Children with Special Physical Health Care Needs: Restraint Use and Injury Risk in Motor Vehicle Crashes
Division of Child Development and Rehabilitation Medicine, The Children's Hospital of Philadelphia, 3550 Market St., Philadelphia, PA, 19104, USA.Maternal and Child Health Journal (Impact Factor: 2.24). 11/2009; 15(7):949-54. DOI: 10.1007/s10995-009-0539-1
Physical disabilities may affect a child passenger's fit within a conventional motor vehicle restraint. The aim of this study is to describe and compare injury risk in motor vehicle crashes (MVC) among children with and without special physical health care needs (SPHCN). This analysis, conducted in 2007-2008, utilizes data collected between December 1998 and November 2002 in a cross-sectional study of children ≤15 years old involved in crashes of State-Farm insured vehicles in 15 states and the District of Columbia. Parent reports via telephone survey were used to define pre-crash SPHCN, restraint status, and occurrence of significant injuries using a validated survey.

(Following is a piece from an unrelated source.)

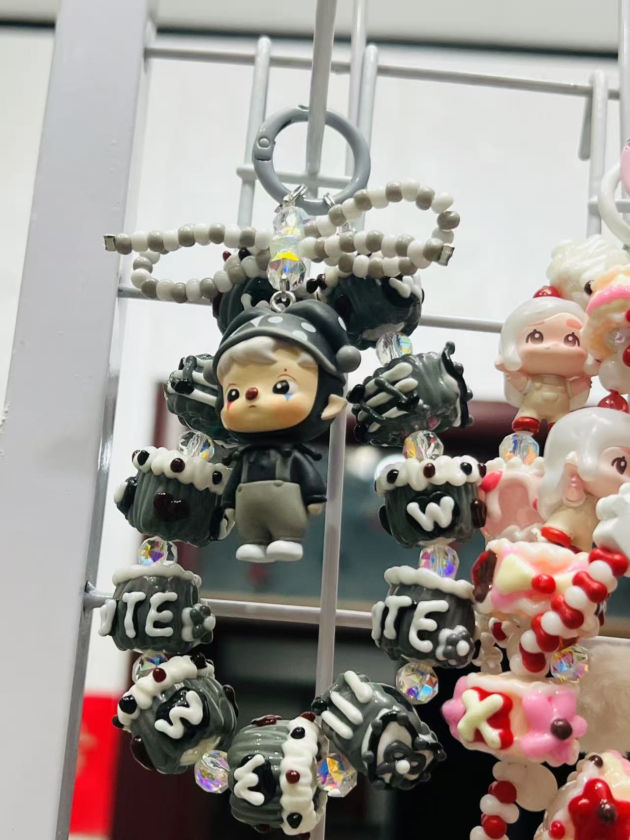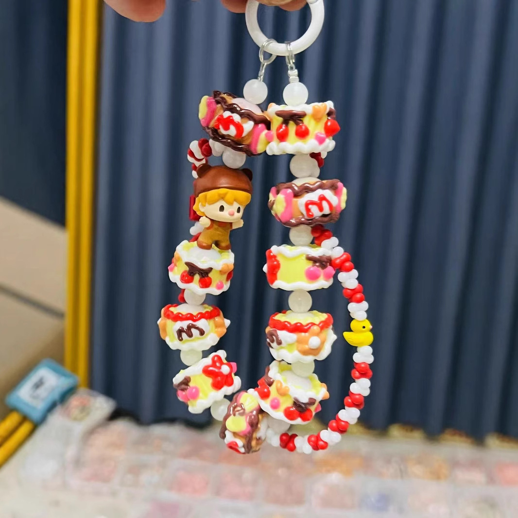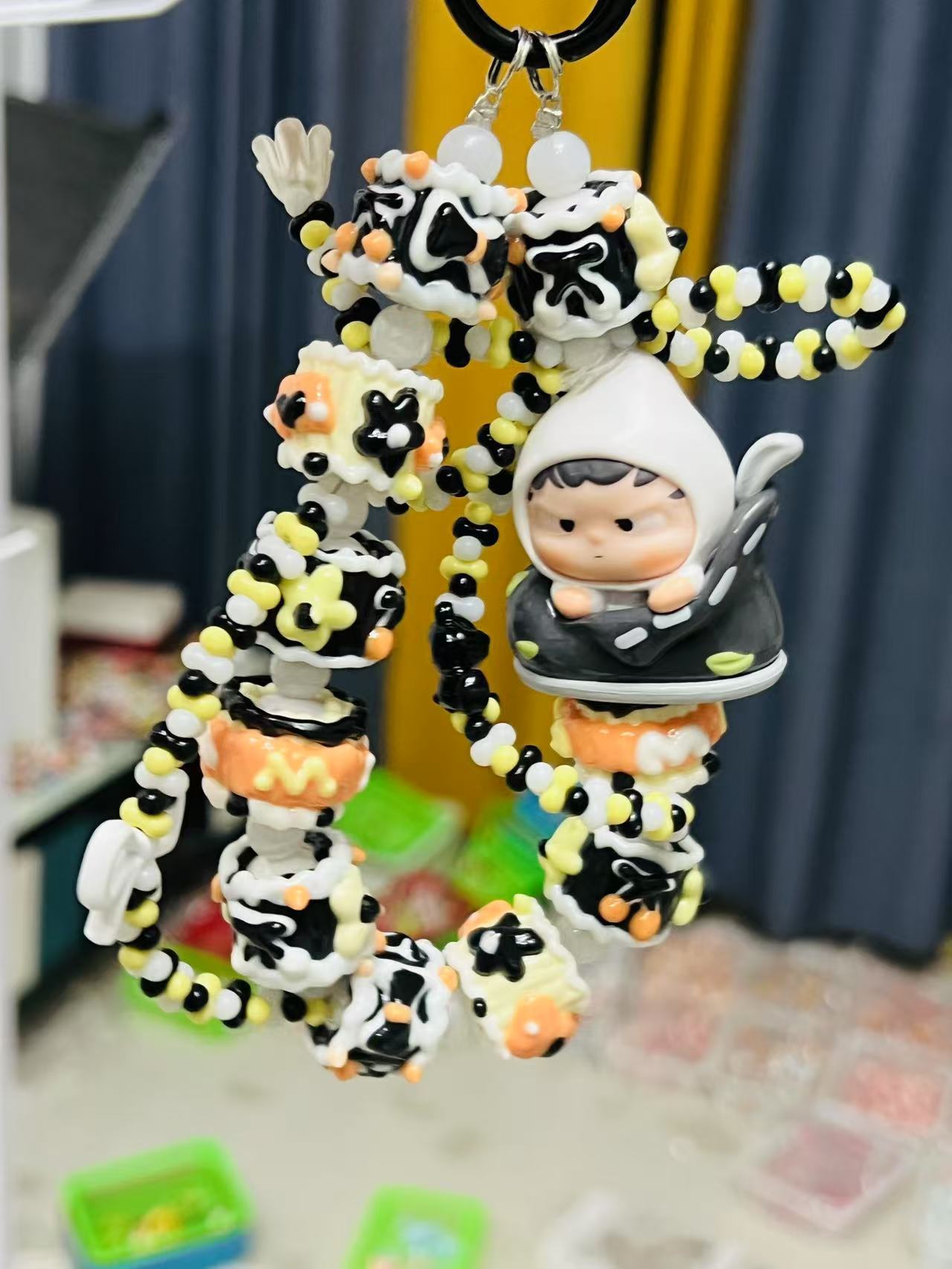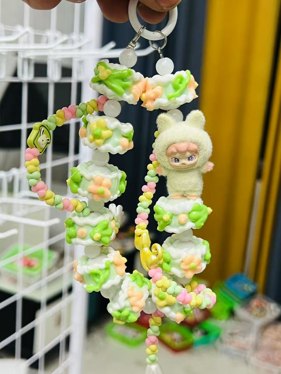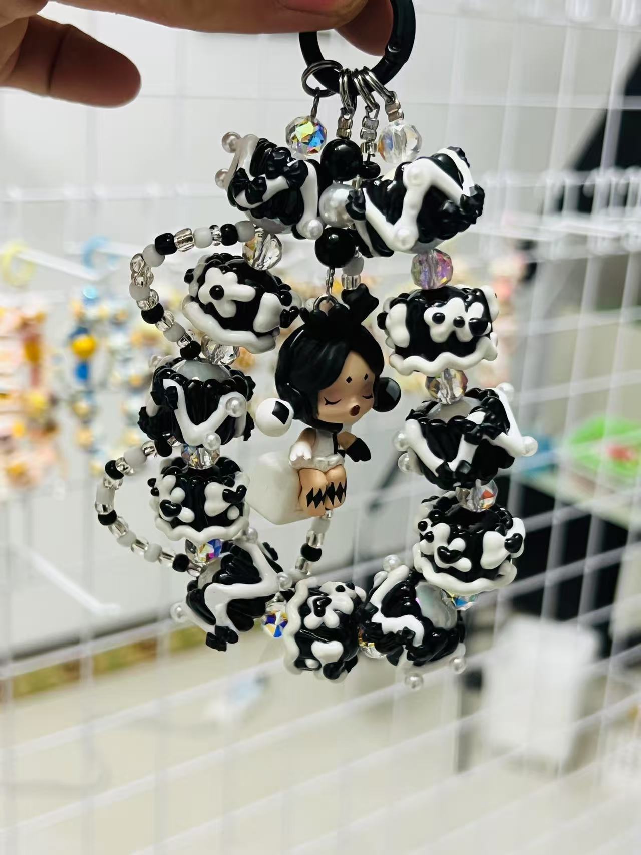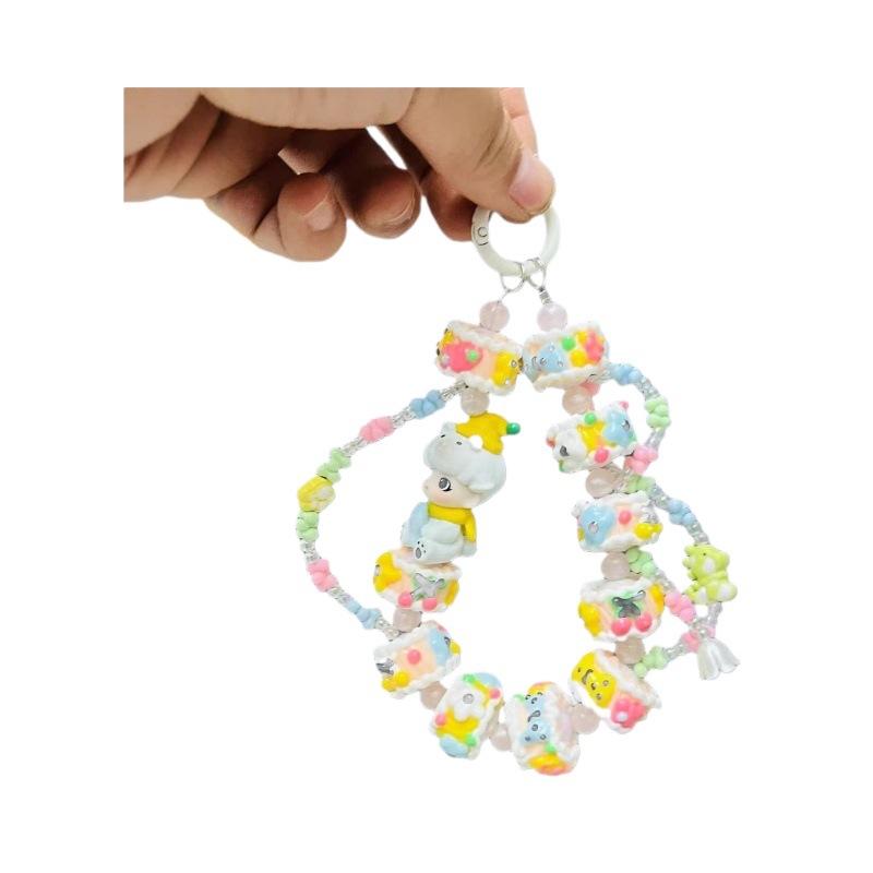 泡泡玛特萌粒 手绘珠重工双层手机链包包手机挂饰 直播间爆款diy

Complete data were collected for 18,852 children aged 0-15 years; 159 children were reported to have a SPHCN (0.8% and 0.7% of children aged 0-8 and 9-15 years, respectively). A greater proportion of children with SPHCN aged 0-8 years were appropriately restrained (P < 0.001), but there was no significant difference in restraint use among children with and without SPHCN aged 9-15 years. There was no significant association between the presence of a SPHCN and injury risk in either age group, after adjustment for child/driver characteristics (children aged 0-8 years: OR 1.27, 95% CI: 0.48-3.33; children aged 9-15 years: OR 1.51, 95% CI: 0.38-6.11). Children with and without SPHCN have similar injury risk in MVC, despite increased age-appropriate restraint usage among children aged 0-8 years. When counseling families about vehicle safety, practitioners should consider the fit of a child with SPHCN in a restraint system.